Thursday, December 4, 2008

Education

USN Current Issue

Is AP Too Good To Be True?

Critics fear the rapid spread of Advanced Placement classes is diluting quality

By Justin Ewers
Posted 9/11/05
Page 2 of 4

AP was never intended to be at the center of the admissions frenzy, of course. When the program was first developed in 1955, it was designed to give the highest-achieving students, mostly at elite schools, a chance to tackle some college-level coursework--and earn college credit--while still in high school. Placement was the goal, not admissions, thus the name. In the 1980s, though, more and more high schools, seeing how well AP's rigorous subject matter and challenging tests were preparing kids for college, began to add the courses to their curricula. As the program became more popular (and selective colleges continued to show interest in AP students), more parents, believing all students could benefit from exposure to the high-level material covered in AP courses, demanded access. More schools opened the classes to students of all levels, regardless of their ability. Which, of course, had some unintended consequences. Cambridge Rindge & Latin in Massachusetts, for example, offered only one section of AP U.S. History 20 years ago. Today, there are between six and eight sections every year in a school with 1,800 students--which means half of each class is now considered "advanced."

This increased access has had an unmistakable bright side: a dramatic increase in the number of minorities and low-income students enrolling in AP courses. In the past decade, especially, the College Board has given high priority to making AP available to groups that have not, historically, taken the courses. The number of AP exams taken by low-income kids jumped from 32,688 in 1993 to 144,532 ten years later, with minority numbers experiencing a similar leap.

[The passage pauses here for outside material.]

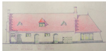
Ontwerptekening van de stalling, naar ontwerp van Dugardyn, 1936

Park. Parkaanleg met kenmerken van 19de of vroeg 20ste-eeuwse landschappelijke vormgeving met resterende parkvijver en vervallen brug, solitaire parkbomen (o.m. Ginkgo, Varenbeuk, Moerascipres, Ceder en parkboomgroepen (o.m. Bruine beuk, Zomereik, Zilverlinde, ...), dreefrestant, parkbos (o.m. Beuk, Tamme kastanje, Paardenkastanje Amerikaanse eik, Robinia, Es, ...), heestermassieven (o.m. Hazelaar, Rododendron, Hulst, Sneeuwbes en Boerenjasmijn), boshooiland en graslandpartijen onder een licht gemodelleerd reliëf. Uit de voormalige moestuinruimte ten zuiden resteren twee smalle druivenserres, een berghokje en een groentenserre. Ten zuidwesten voormalige schapenstal, thans gebruikt als schoolsecretariaat.

High stakes. Some analysts wonder, though, whether all of these new students are really doing college-level work. Teens typically receive bonus points on their grade-point averages for completing AP courses. But in a study to be published this fall, Saul Geiser, a research fellow at the Center for Studies in Higher Education at the University of California-Berkeley, comes to the stark conclusion that in California, at least, there is little to no correlation between simply taking an AP course and students' first- and second-year college GPAs. (A study of students in Texas drew a similar conclusion.) Doing well on AP exams is another matter, Geiser says: High test scores are one of the best predictors of college success. But since only about two thirds of California students in AP courses actually take the exam, for many kids the classes themselves are where AP begins and ends. At one time, Geiser says, good grades in AP classes may have been a reasonable barometer of academic ability, but he thinks colleges need to reconsider using AP coursework alone as a criterion in high-stakes admissions. "AP is being used for a purpose for which it has never been validated," he says.

The UC system's powerful statewide admissions board, which commissioned his study, is now considering dropping the bonus points it currently awards for AP courses when calculating GPA s. And the stakes are high: Admissions experts say that by threatening to downgrade the status of AP, much as it did when it considered dropping the SAT in 2001, UC, with its 208,000 students, could do a lot of damage to the program's reputation.